SLCene Suggests: UMFA’s “Bierstadt to Warhol: American Indians in the West”
BIERSTADT TO WARHOL: AMERICAN INDIANS IN THE WEST, UTAH MUSEUM OF FINE ARTS, Feb. 15-Aug. 11
The new exhibit of Native American imagery opening at the Utah Museum of Fine Arts on Feb. 15 offers what UMFA Executive Director Gretchen Dietrich dubbed “an incredibly diverse group of art objects,” and after a quick preview of the show, I can confirm that the lady ain’t lying.
But it’s not the size of the show that is most striking aspect. It’s the scope of perspectives on American Indian life and art that make this a must-go for art lovers–even those who think they’ve seen plenty of “Western art” in their lifetimes. The Bierstadt to Warhol show offers a look at Native American life through the eyes of American and European artists, but it adds some stunning pieces done by Native American artists themselves. And it throws in playful twists on traditional Indian imagery by more contemporary artists like Andy Warhol and Roy Lichtenstein, among others.

“Tea Party,” by Kevin Red Start of Montana’s Crow Nation.

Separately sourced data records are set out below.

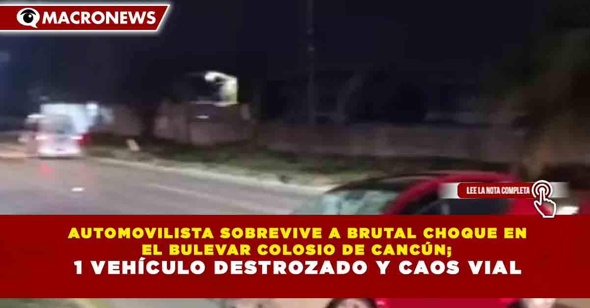 Redacción Macronews.- Un automovilista estuvo a punto de perder la vida tras un fuerte choque registrado en el bulevar Luis Donaldo Colosio, en Cancún, donde un vehículo quedó prácticamente destruido y se reportaron afectaciones viales por varios minutos, según informes preliminares de las autoridades.
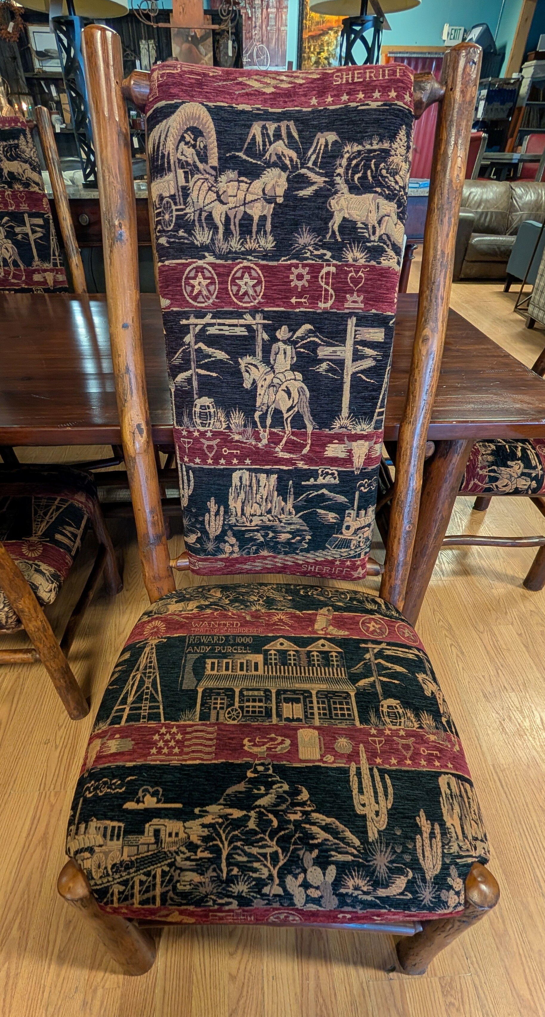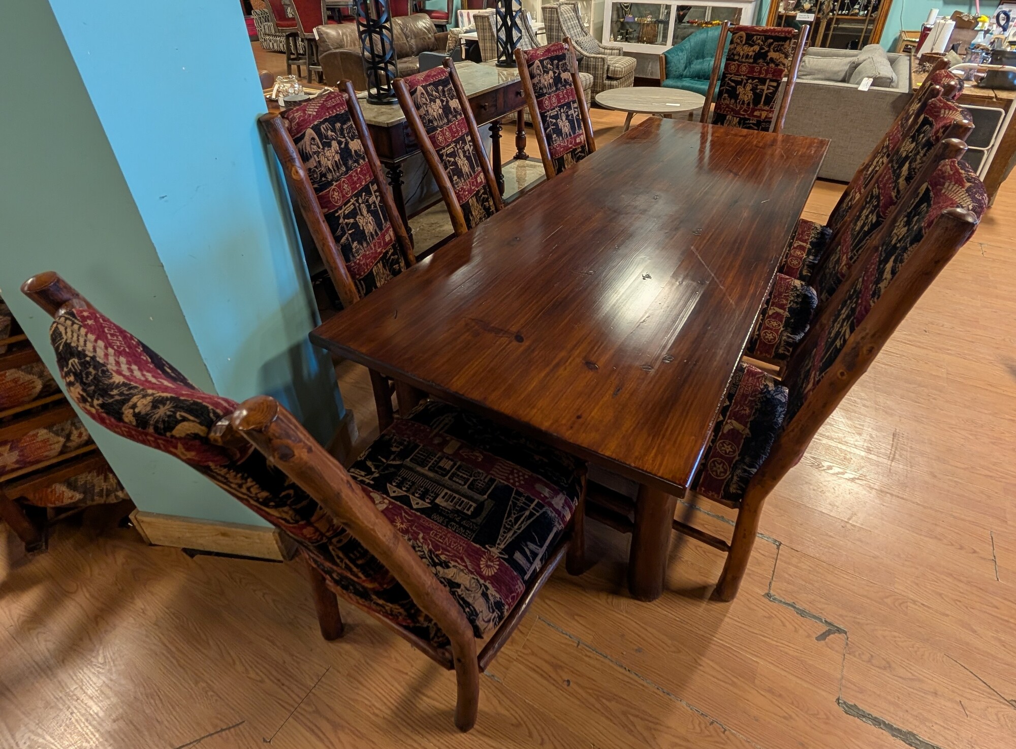 Hickory Dining Table, 8 Chairs 102w x 40d Chairs 23 x 22 x 48h 5ft x 11ft with Chairs pushed in
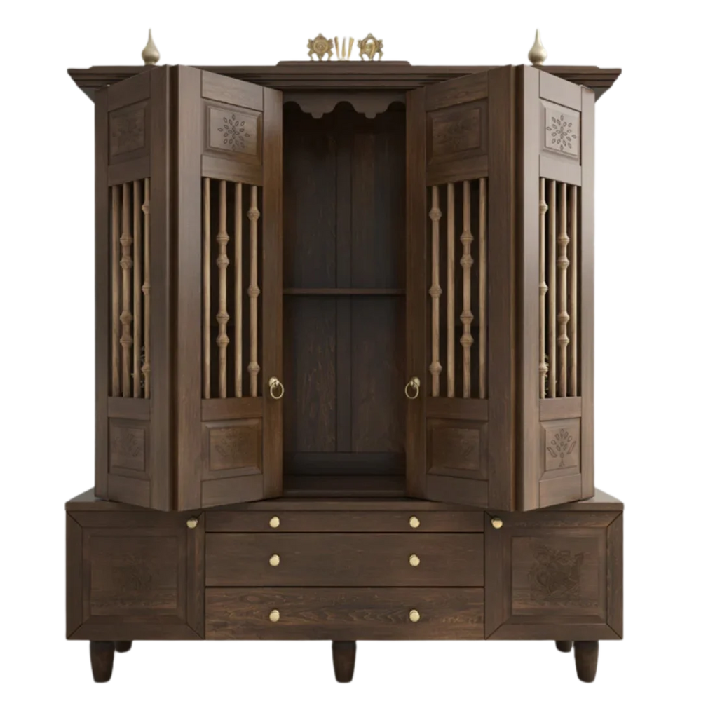 This big pooja mandir is carefully designed by our experts so that it sits at the best height for you to view the deities and focus on your prayers. The Anandam teak wood pooja mandap has long and sturdy legs under the storage space so that you can see the display area for the deities without having to bend down. Because of the jali design, you can keep the deity area secure while still being able to see the deities throughout the day. The perfect height of this home temple gives you freedom to sit or stand when you are praying, You can fully be comfortable and have your daily rituals.
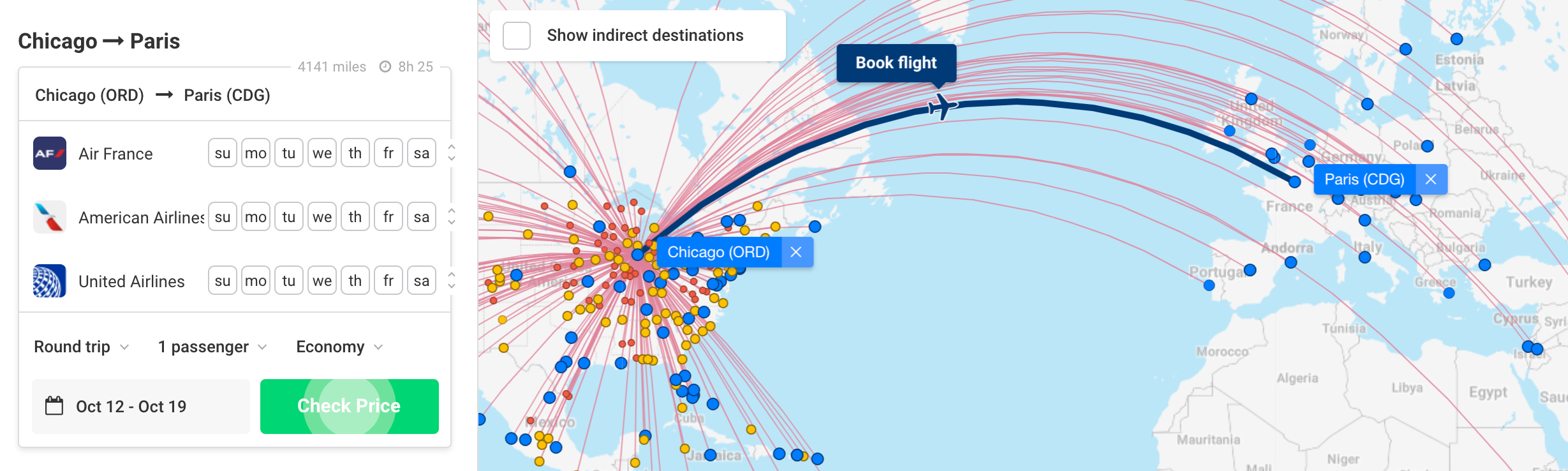 However, you could filter down to just Star Alliance flights (for example) or even those operated by a single carrier. And when you click on an individual destination, the flight options will populate on the left, like this example from Chicago-O'Hare (ORD) to Paris (CDG):
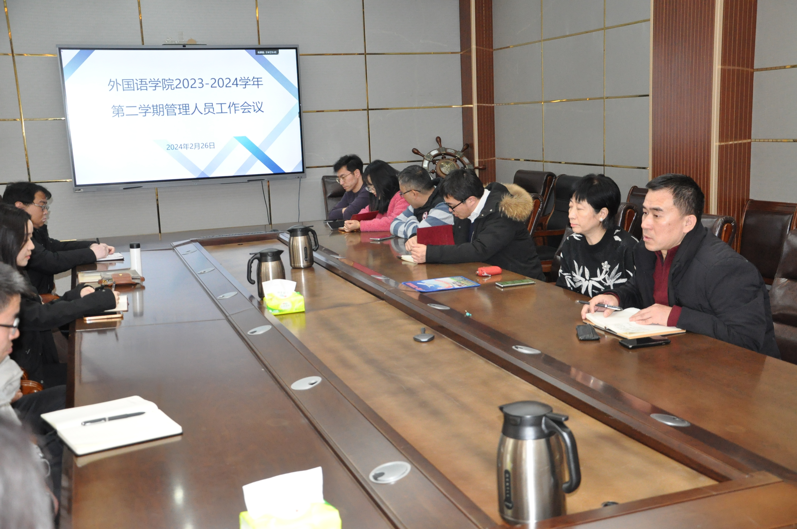 2月26日下午,外国语学院在313会议室召开新学期管理人员会议。学院党委书记岳希亮、院长王卓、党委副书记陶业涛及全体行政人员、辅导员参加会议。会议由陶业涛副书记主持。

From the Collection of Diane and Sam Stewart
The show, Dietrich said, is ” a history of American dreams and ideas about what it means to be a Native American person.”

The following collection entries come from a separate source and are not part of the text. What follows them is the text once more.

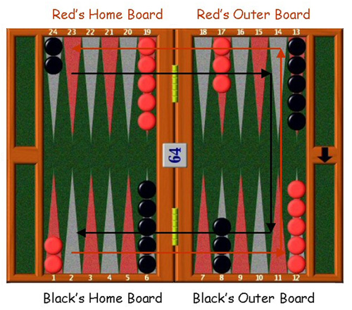 Setting up the Backgammon BoardBoth players have 2 checkers on their 24-point, as well as 5 checkers on their 13-point, 3 checkers on their 8-point and 5 checkers on their 6-point. You will always find each player’s 13 and 24 points on the far side of the board and their 6-point an 8-point will be located on the near side. Looking at the board from the opposite side, the points will appear in reverse, which means that your opponents 12-point is therefore your 13-point, your opponents 22-point is your 3-point, and so on. ![]() With this in mind, your opponents image will always seem like a mirror image. For example, your 1-point will be on your left but your rival’s 1-point will be to the right. If you are moving anti-clockwise, your opponent will move clockwise, which you can see from the diagram. It doesn’t matter which way the board is initially set up. ![]() You will notice that the numbers on a backgammon board are not actually displayed and also that the doubling cube will initially be placed in the middle of the board, showing the number 64 (which also acts as 1). |
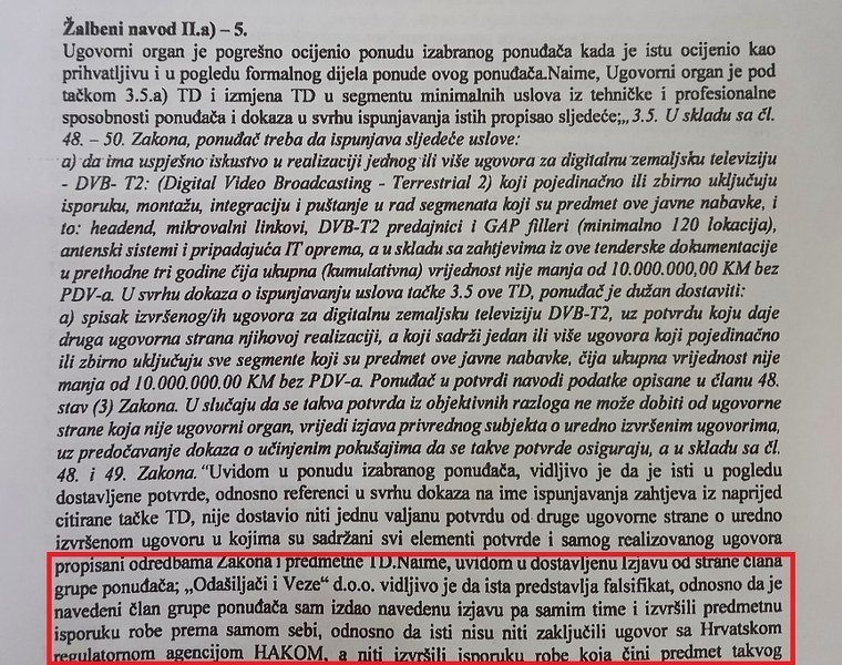 Kako se navodi u žalbi, utvrđeno je da je OIV sam sebi izdao izjavu o ispunjavanju uslova, konkretno o izgradnji DVB-T2 mreže, odnosno projektu digitalizacije na nivou Hrvatske.
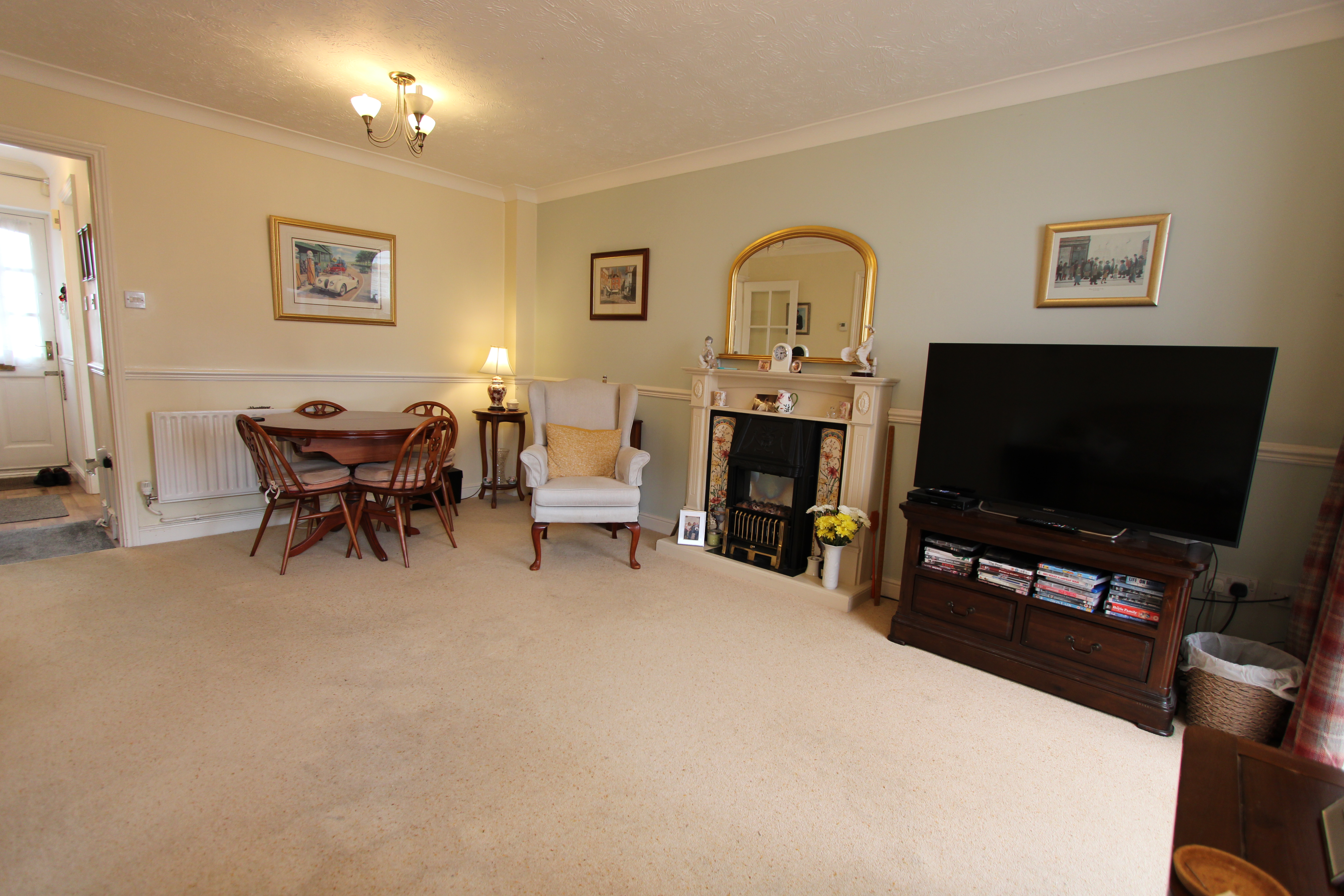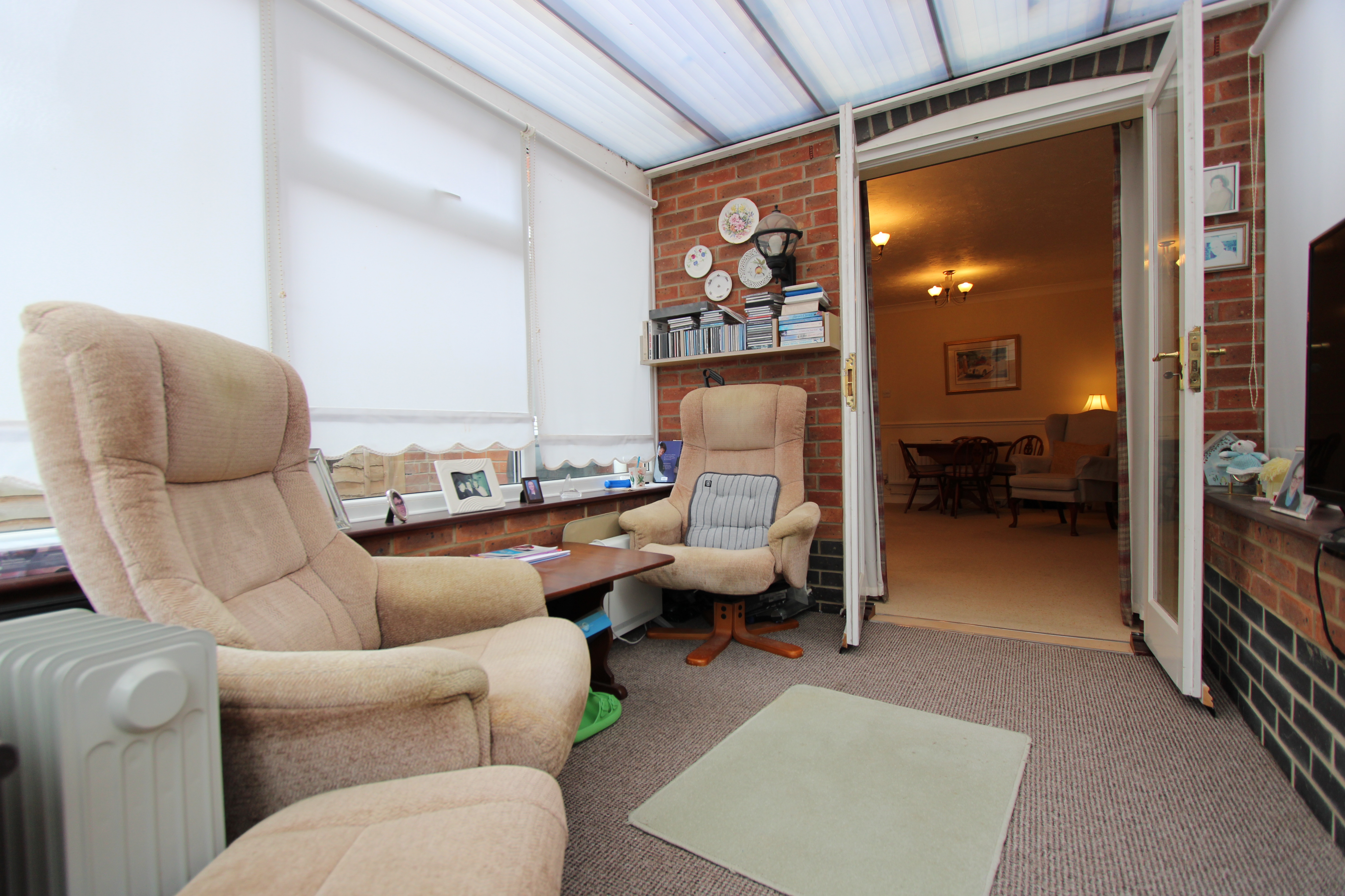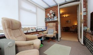 Stepping inside, you’re welcomed by a handy downstairs WC on your right, ideal for guests, while to your left, the generous kitchen space invites creativity and could easily be transformed into a stylish, modern hub for the home. Moving through, the large open-plan living room provides an inviting area for relaxation or entertaining, complete with a practical storage cupboard for added convenience. From here, the conservatory extends the living space and brings in plenty of natural light, making it a perfect spot to unwind.

Donna Poulton, UMFA’s curator of Art of Utah and the West, added that the show includes more than 100 works spanning more than 160 years. It’s a combination of paintings and sculptures that includes works by some of America’s famed Hudson River Valley artists, who romanticized the West early on, to Paris-trained Taos Society of Artists, who focused on the truth and beauty of nature, to contemporary Native Americans capturing a more realistic look at life among the Indians, and ultimately to the Warhols, et al, who played with “reinterpreting cliches” of Indian imagery.

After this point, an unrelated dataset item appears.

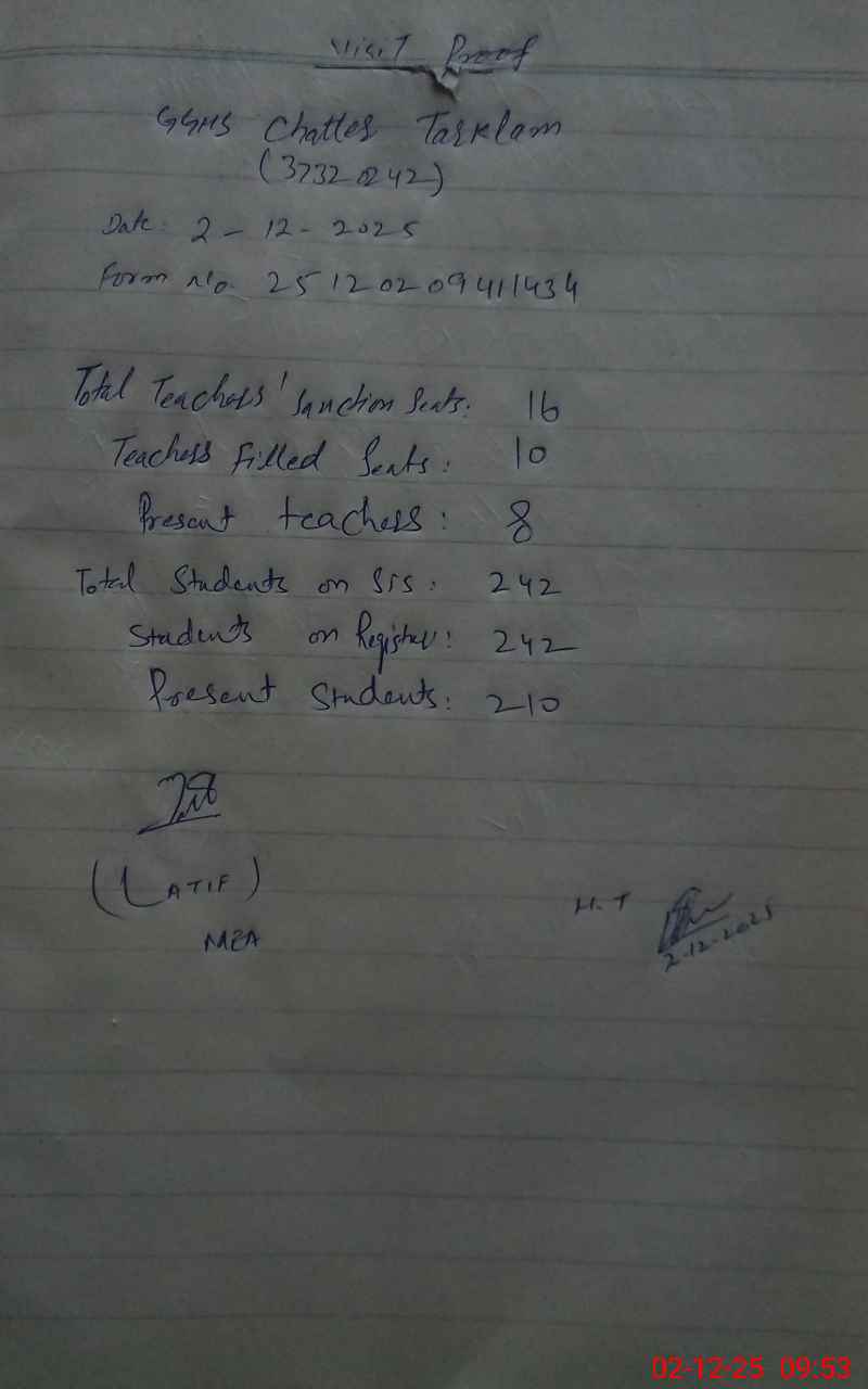 | EMIS Code: 37320242 | Name of School: GGHS CHATTER TARKLAM | |||

Much of the show is drawn from the private collection of Sam and Diane Stewart, local art lovers and UMFA board members, who started buying artwork of Native Americans about a dozen years ago.
There was no rhyme or reason to what they bought, Diane said, noting that “we bought with our hearts, and it’s nice to see them approached in this scholarly way” with the UMFA show.
Unwittingly, the Stewarts’ collection has a theme that came through their purchases.
“We were not buying cowboys,” Diane noted. “What spoke to us in the art of the American West were Indians. And women.”
As a result the Bierstadt to Warhol show features plenty of portraits, along with stunning natural landscapes and some incredibly moving work by Native American artists, particularly that of Navajo artist Shonto Begay, who will be doing a free artist talk Friday night at 6 p.m. at the UMFA, followed by a community celebration of the show’s opening.